REQUIREMENT: As the answer, give exactly the lines of the records below from the one with "Created by marketers, this" through the one with "Formaat : 17", ends included and pictures left out.

SOURCE DATA:
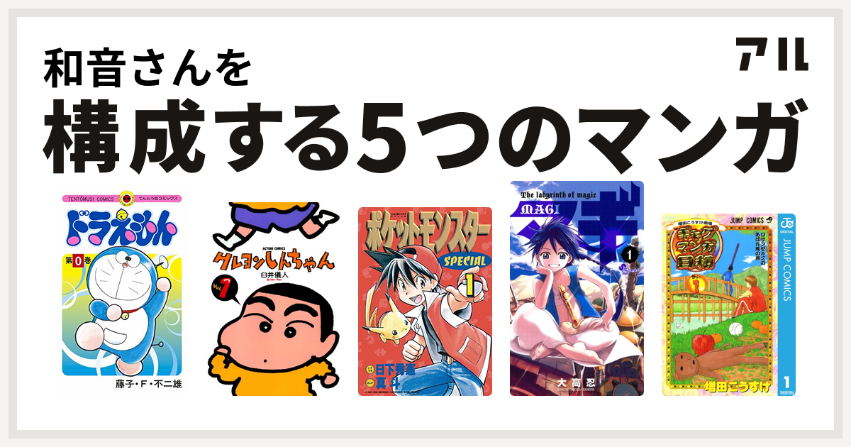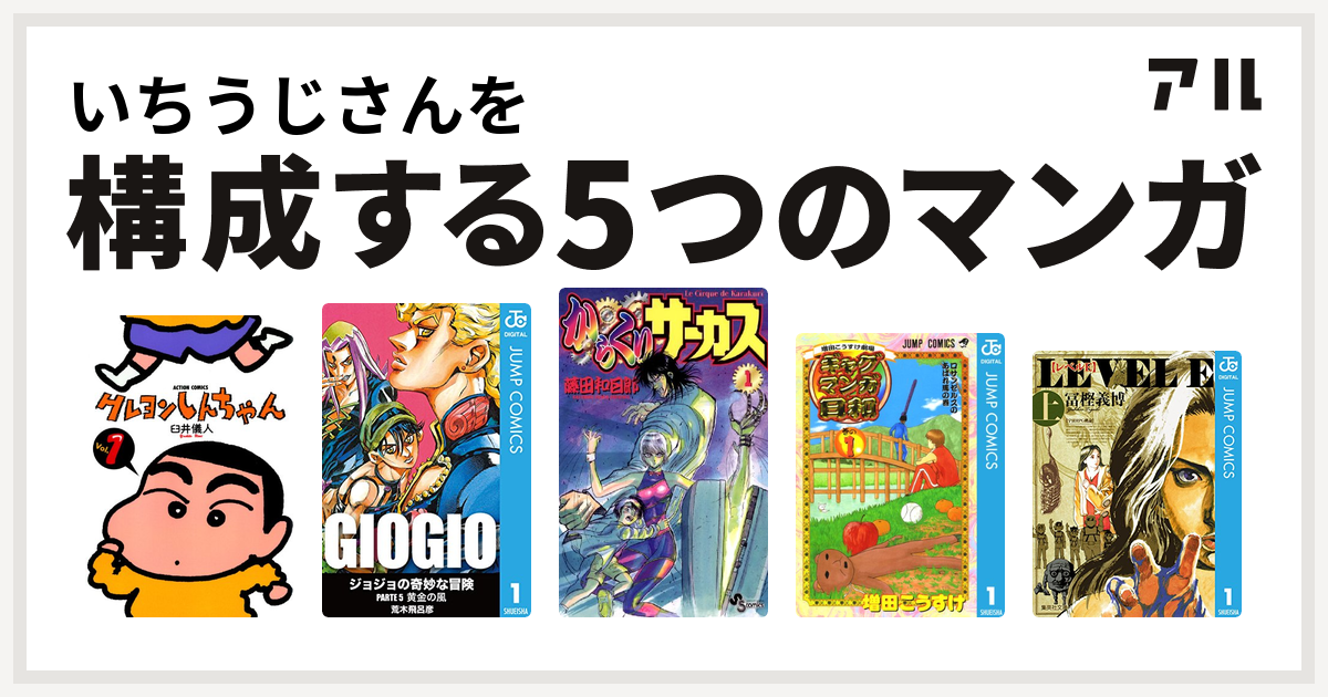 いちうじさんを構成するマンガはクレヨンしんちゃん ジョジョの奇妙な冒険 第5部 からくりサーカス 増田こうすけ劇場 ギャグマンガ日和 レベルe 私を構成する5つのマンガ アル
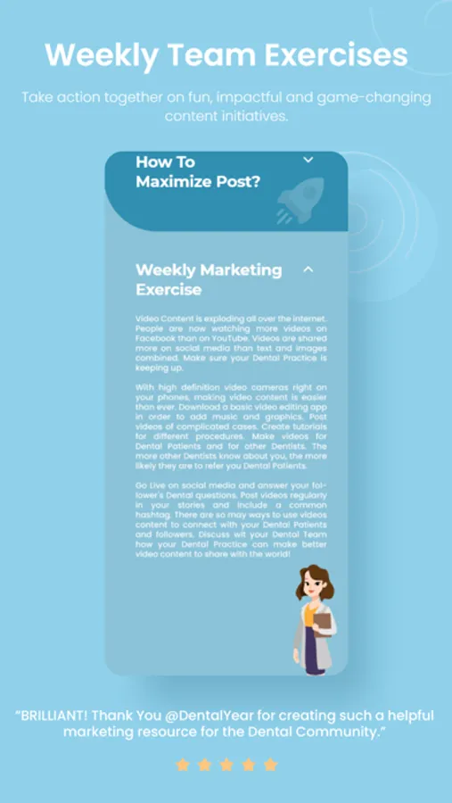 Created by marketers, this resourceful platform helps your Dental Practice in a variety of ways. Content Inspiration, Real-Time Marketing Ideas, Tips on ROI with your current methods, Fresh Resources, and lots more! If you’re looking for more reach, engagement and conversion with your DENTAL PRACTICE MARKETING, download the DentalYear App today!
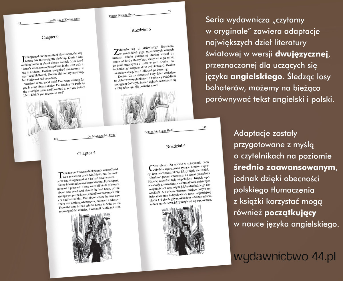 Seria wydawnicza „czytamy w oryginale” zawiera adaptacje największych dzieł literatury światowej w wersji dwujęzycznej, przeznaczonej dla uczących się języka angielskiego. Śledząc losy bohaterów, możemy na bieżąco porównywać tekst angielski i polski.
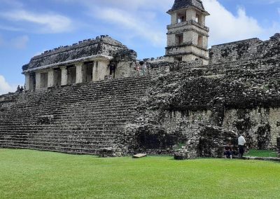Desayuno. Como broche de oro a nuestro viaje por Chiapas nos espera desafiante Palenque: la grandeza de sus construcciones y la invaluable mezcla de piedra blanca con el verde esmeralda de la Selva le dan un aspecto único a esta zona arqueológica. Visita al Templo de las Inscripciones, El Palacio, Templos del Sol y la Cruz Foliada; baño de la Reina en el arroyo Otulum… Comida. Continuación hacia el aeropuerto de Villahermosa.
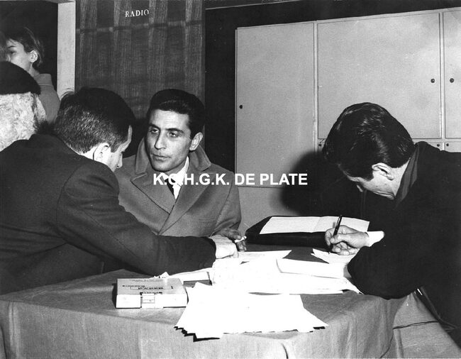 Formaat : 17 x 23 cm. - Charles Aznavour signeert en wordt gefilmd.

* * *

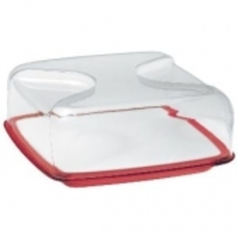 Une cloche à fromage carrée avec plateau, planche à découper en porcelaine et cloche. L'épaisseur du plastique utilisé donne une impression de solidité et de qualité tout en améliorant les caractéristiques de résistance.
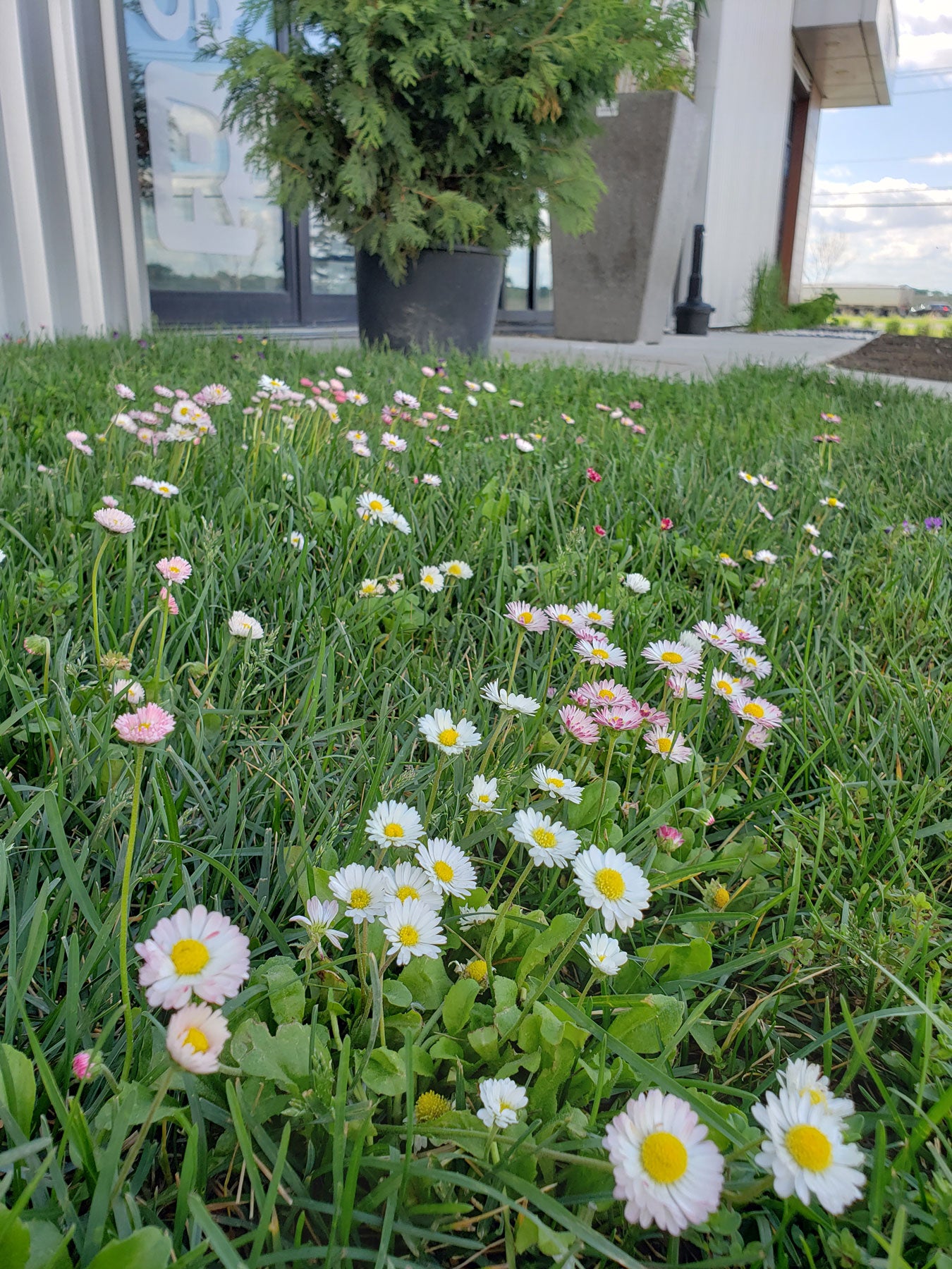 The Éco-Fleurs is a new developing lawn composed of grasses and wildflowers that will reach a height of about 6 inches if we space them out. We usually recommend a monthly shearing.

--

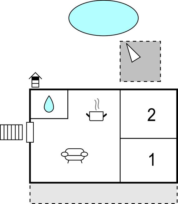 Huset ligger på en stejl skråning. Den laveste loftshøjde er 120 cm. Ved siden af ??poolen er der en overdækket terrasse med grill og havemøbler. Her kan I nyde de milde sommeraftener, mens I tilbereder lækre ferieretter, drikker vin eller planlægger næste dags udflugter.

ANSWER SPACE:
 Created by marketers, this resourceful platform helps your Dental Practice in a variety of ways. Content Inspiration, Real-Time Marketing Ideas, Tips on ROI with your current methods, Fresh Resources, and lots more! If you’re looking for more reach, engagement and conversion with your DENTAL PRACTICE MARKETING, download the DentalYear App today!
 Seria wydawnicza „czytamy w oryginale” zawiera adaptacje największych dzieł literatury światowej w wersji dwujęzycznej, przeznaczonej dla uczących się języka angielskiego. Śledząc losy bohaterów, możemy na bieżąco porównywać tekst angielski i polski.
Desayuno. Como broche de oro a nuestro viaje por Chiapas nos espera desafiante Palenque: la grandeza de sus construcciones y la invaluable mezcla de piedra blanca con el verde esmeralda de la Selva le dan un aspecto único a esta zona arqueológica. Visita al Templo de las Inscripciones, El Palacio, Templos del Sol y la Cruz Foliada; baño de la Reina en el arroyo Otulum… Comida. Continuación hacia el aeropuerto de Villahermosa.
 Formaat : 17 x 23 cm. - Charles Aznavour signeert en wordt gefilmd.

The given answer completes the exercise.